Creamy and garlicky, with a balanced blend of earthy Black Truffle cheese. Truly decadent.
- 1 Tbsp Olive oil
- 1 cup Onions, chopped
- Salt & white pepper, to taste
- 6 cups Chicken or vegetable stock
- 2 tsp Garlic, minced
- 1 pound Arborio rice
- 1 Tbsp Butter
- ¼ cup Heavy cream
- 3/4 cup Bothwell Black Truffle, grated
- 2 Tbsp Chives, chopped
- Heat olive oil in a large pan over medium heat
- Add onion and season with salt & pepper.

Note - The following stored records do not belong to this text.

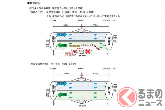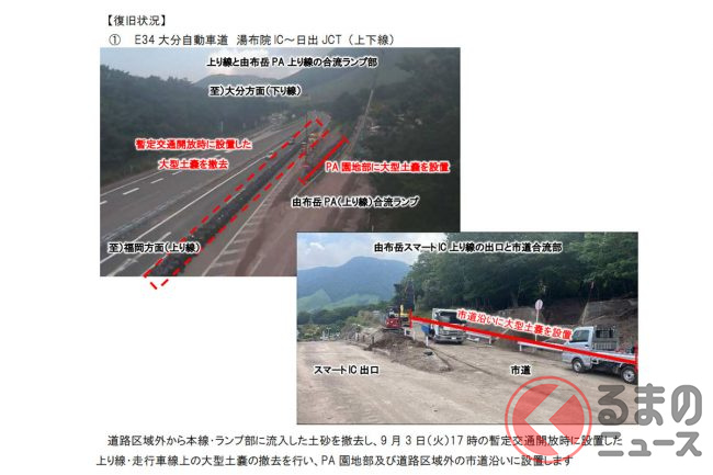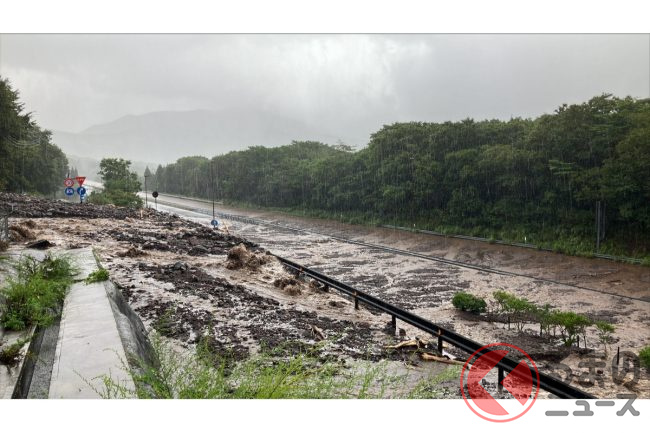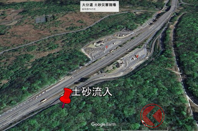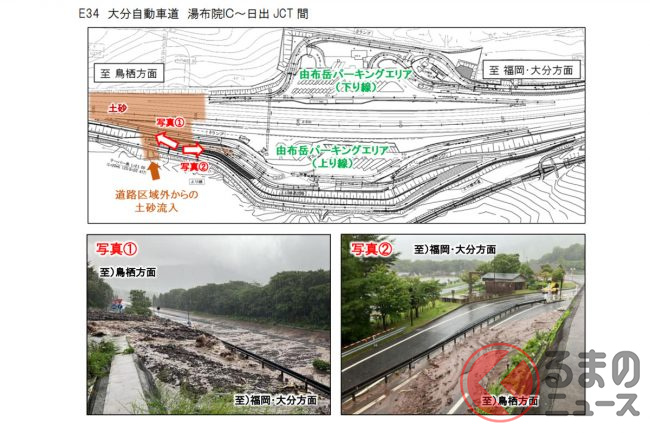大分道では湯布院IC~日出JCTの上下線で、隣接する由布岳PA(上り線)出口近くの斜面が崩れたことで、土砂が本線にまで流れ込み、路面が完全に覆われて通行できなくなっていました。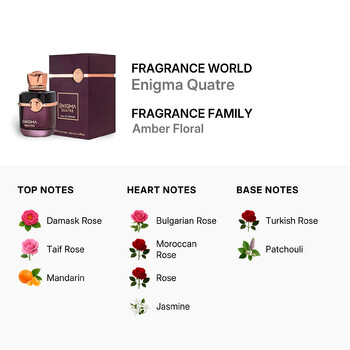 Designed by the renowned Fragrance World, a leading name in Middle Eastern fragrances, Enigma Quatre reflects the luxurious and exotic essence of the United Arab Emirates. This fragrance is perfect for ladies who appreciate the finer things in life and wish to leave a lasting impression wherever they go.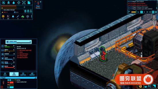 情绪 - 快乐的船员需要食物、睡眠、舒适度、安全感和朋友。少了任何一样,他们的情绪都会受到影响。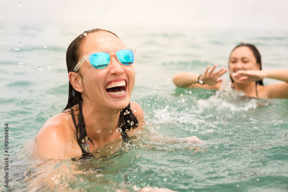 Happy friends having fun in the water at the beach.

- Sauté for 3 minutes, or until the onions are soft.
- Add the stock and garlic.
- Bring liquid to a boil and reduce to a simmer.
- Cook for 6 minutes.
- Add the rice and simmer for 18 minutes, stirring constantly, or until the mixture is creamy and bubbly.
- Add the butter, cream, cheese and chives.
- Re-season with salt and pepper.
- Simmer for 2 minutes and serve immediately.
- Garnish with additional chives (optional)
Kitchen Notes: Add 1/4 of Bothwell Smoked Parmesan for a deeper flavour profile.